Talk about the implementation of token bucket algorithm.



This paper mainly studies the implementation of token bucket algorithm.

Overview of Current Limiting Algorithms

There are mainly the following:

  • Semaphore based on semaphore

Only quantity dimension, no time dimension

  • Based on fixed window

With the time dimension, however, it is easy to exceed the current limit at the critical point of the two windows. For example, the limit is 10 requests per minute, 10 requests at 00:59 and 10 requests at 01:01. Judging from the time window of 00:30-01:30, 20 requests per minute are not well controlled.

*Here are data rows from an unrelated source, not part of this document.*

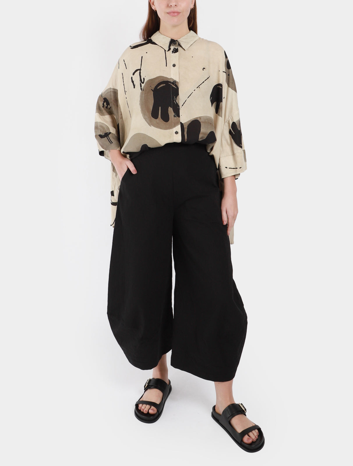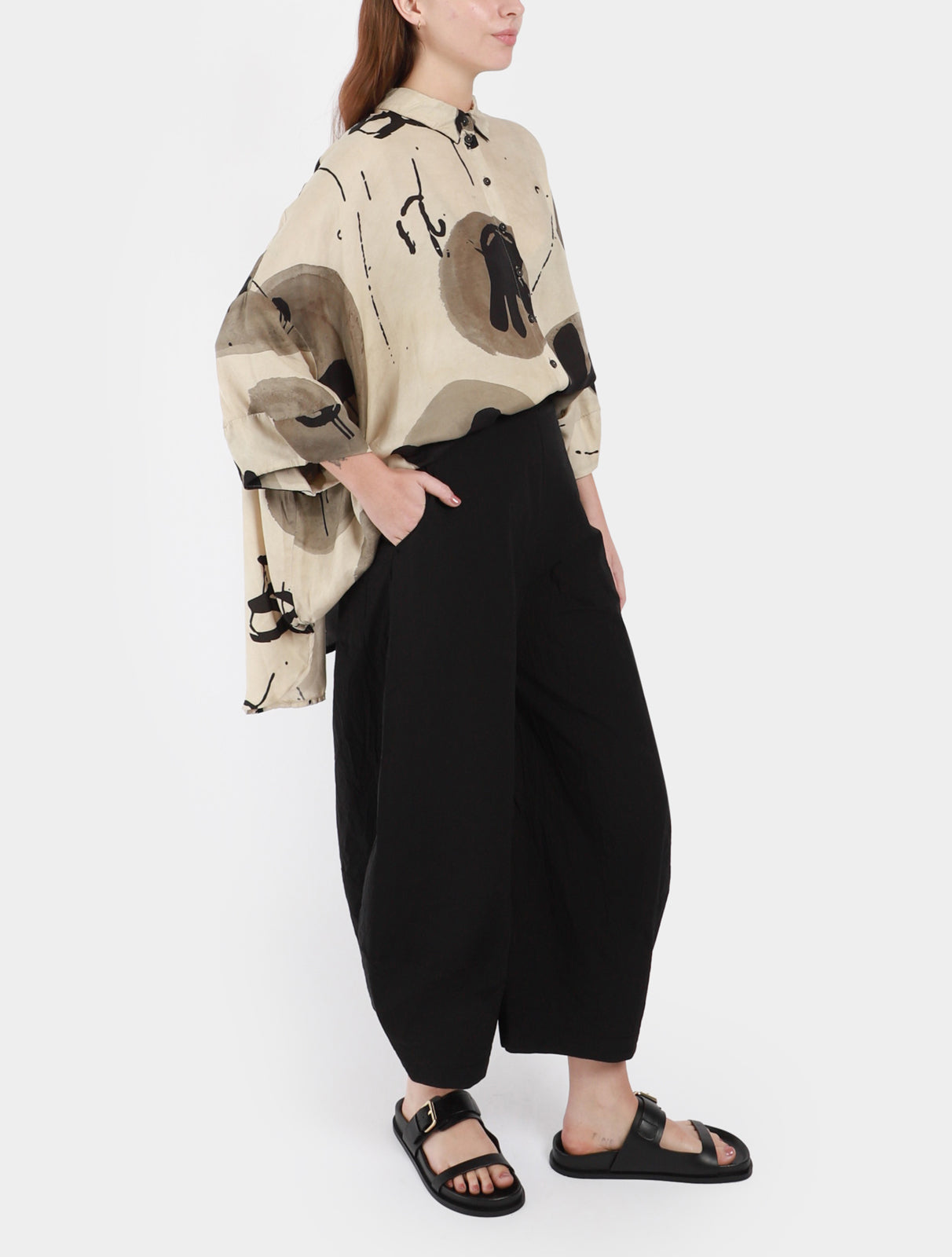 - Slightly low crotch pant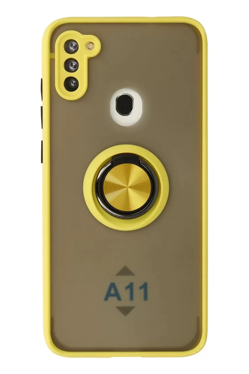 Newface Samsung Galaxy A11 Kılıf Montreal Yüzüklü Silikon Kapak – Sarı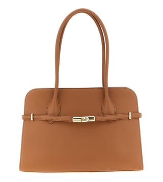 Brown Goccia Shoulder Bag zip closure, 1 compartment, inside zip pocket, solid, back logo, dual carry shoulder strap. With its timeless design and practical features, this bag is a must-have accessory for the modern woman on-the-go. Products purchased from Darveys are supported exclusively by the warranty/exchange policies of Darveys and its partner boutiques. Brand owners and their channel partners are not responsible for exchange/warranty services for items purchased through Darveys.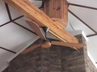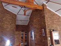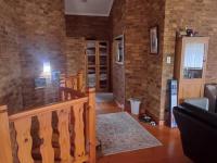 The spacious open-plan kitchen, dining, and living area forms the heart of the home and flows seamlessly into a closed veranda fitted with quality aluminium shutters, ideal for year-round enjoyment. The kitchen features solid oak cupboards, while beautiful oregan pine ceilings add warmth and character. Striking oregan pine stairs lead to a mezzanine level offering a large additional living area and a dedicated space ideal for a home office.

  • Based on rolling window

To solve the problem of window criticality that fixed window does not solve, there are mainly algorithms based on token bucket and leaky bucket.

Token bucket algorithm

  • Token is added to bucket at the specified rate
  • A bucket has its capacity limit, and excess token will be discarded if it exceeds its capacity.
  • When the request comes, first try to get the token, if the remaining tokens are enough, then release, if not, then release is not allowed (May Wait for token Enough to Continue)

Simple implementation

 * The minimalistic token-bucket implementation
public class MinimalisticTokenBucket {

    private final long capacity;
    private final double refillTokensPerOneMillis;

    private double availableTokens;
    private long lastRefillTimestamp;

     * Creates token-bucket with specified capacity and refill rate equals to refillTokens/refillPeriodMillis
    public MinimalisticTokenBucket(long capacity, long refillTokens, long refillPeriodMillis) {
        this.capacity = capacity;
        this.refillTokensPerOneMillis = (double) refillTokens / (double) refillPeriodMillis;

        this.availableTokens = capacity;
        this.lastRefillTimestamp = System.currentTimeMillis();

    synchronized public boolean tryConsume(int numberTokens) {
        if (availableTokens < numberTokens) {
            return false;
        } else {
            availableTokens -= numberTokens;
            return true;

    private void refill() {
        long currentTimeMillis = System.currentTimeMillis();
        if (currentTimeMillis > lastRefillTimestamp) {
            long millisSinceLastRefill = currentTimeMillis - lastRefillTimestamp;
            double refill = millisSinceLastRefill * refillTokensPerOneMillis;
            this.availableTokens = Math.min(capacity, availableTokens + refill);
            this.lastRefillTimestamp = currentTimeMillis;

    private static final class Selftest {

        public static void main(String[] args) {
            // 100 tokens per 1 second
            MinimalisticTokenBucket limiter = new MinimalisticTokenBucket(100, 100, 1000);

            long startMillis = System.currentTimeMillis();
            long consumed = 0;
            while (System.currentTimeMillis() - startMillis < 10000) {
                if (limiter.tryConsume(1)) {


  • The above is a simple implementation given by bucket4j for understanding token bucket algorithm.
  • This algorithm does not use threads to refresh token, because if there are too many bucket, there will be too many threads and cpu consumption.
  • This algorithm does not store the token used by each period. lastRefillTimestamp field is designed to calculate the token to be filled.
  • When trying tryConsume each time, the method first calls refill, calculates the tokens that need to be supplemented in this time period according to the set speed and time difference, and updates the availableTokens and lastRefillTimestamp.
  • After that, the current limit judgment is to judge the availableTokens and the requested numberTokens.


The token bucket algorithm is based on qps to limit the current. Its simple implementation is to calculate the rate of supplementing tokens per unit time, and then revise the availableTokens according to the rate each time a tryConsume.